Creating a delayed Dask function
---------------------------------
With Dask, the chemistry system is defined inside a delayed function that runs only when triggered to compute.
This approach is necessary because Dask requires pickleable objects, and our chemistry objects are not currently pickleable by default.

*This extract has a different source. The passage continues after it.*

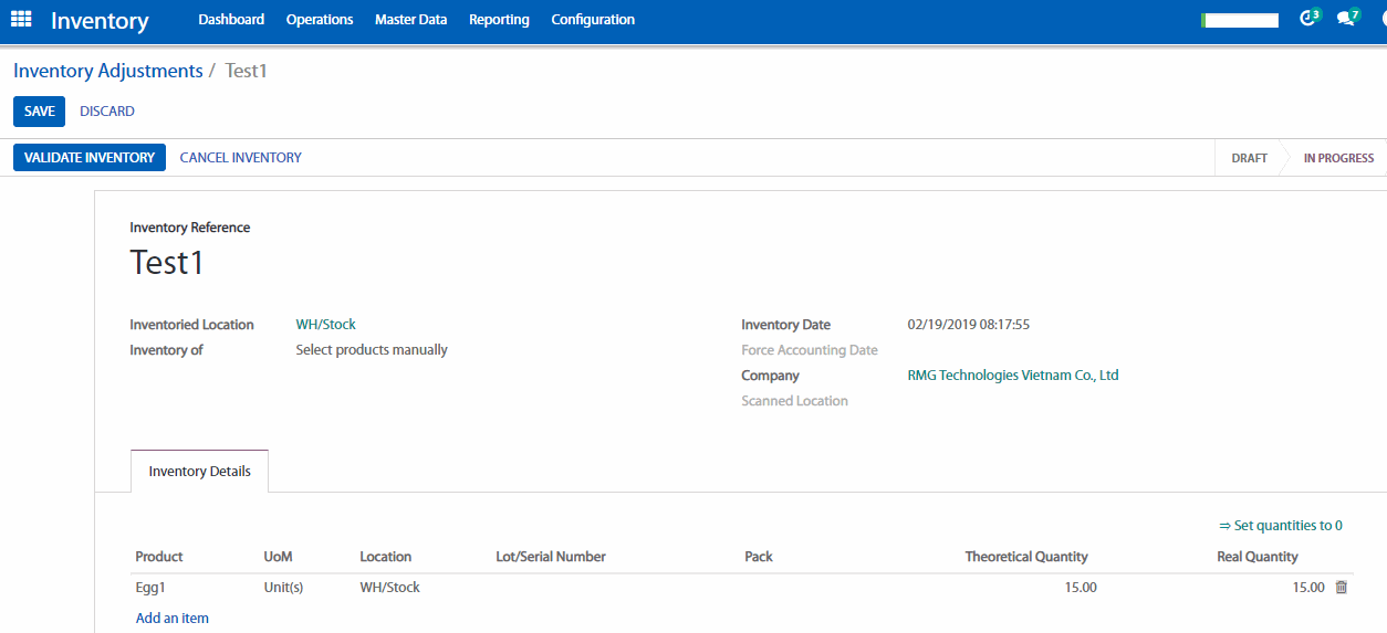 Sau đó chọn Validate Inventory để xác nhận hoàn thành điều chỉnh tồn kho cho sản phẩm.

Defining them within the delayed function ensures compatibility::
@delayed
def solve_one_cell(cell_index,temperatures,pressures,concentrations, sim_length, time_step):
# Define the system
A = mc.Species(name="A") # Create each of the species with their respective names
B = mc.Species(name="B")
C = mc.Species(name="C")
species = [A, B, C] # Bundle the species into a list
gas = mc.Phase(name="gas", species=species) # Create a gas phase object containing the species
r1 = mc.Arrhenius( # Create the reactions with their name, constants, reactants, products, and phase
name="A_to_B",
A=4.0e-3, # Pre-exponential factor
C=50, # Activation energy (units assumed to be K)
reactants=[A],
products=[B],
gas_phase=gas
)
r2 = mc.Arrhenius(
name="B_to_C",
A=4.0e-3,
C=50,
reactants=[B],
products=[C],
gas_phase=gas
)
mechanism = mc.Mechanism( # Define the mechanism which contains a name, the species, the phases, and reactions
name="musica_micm_example",
species=species,
phases=[gas],
reactions=[r1, r2]
)
#create the solver
solver = musica.MICM(mechanism=mechanism, solver_type=musica.SolverType.rosenbrock_standard_order)
#create the state
state = solver.create_state(1)
state.set_conditions(temperatures[cell_index],pressures[cell_index])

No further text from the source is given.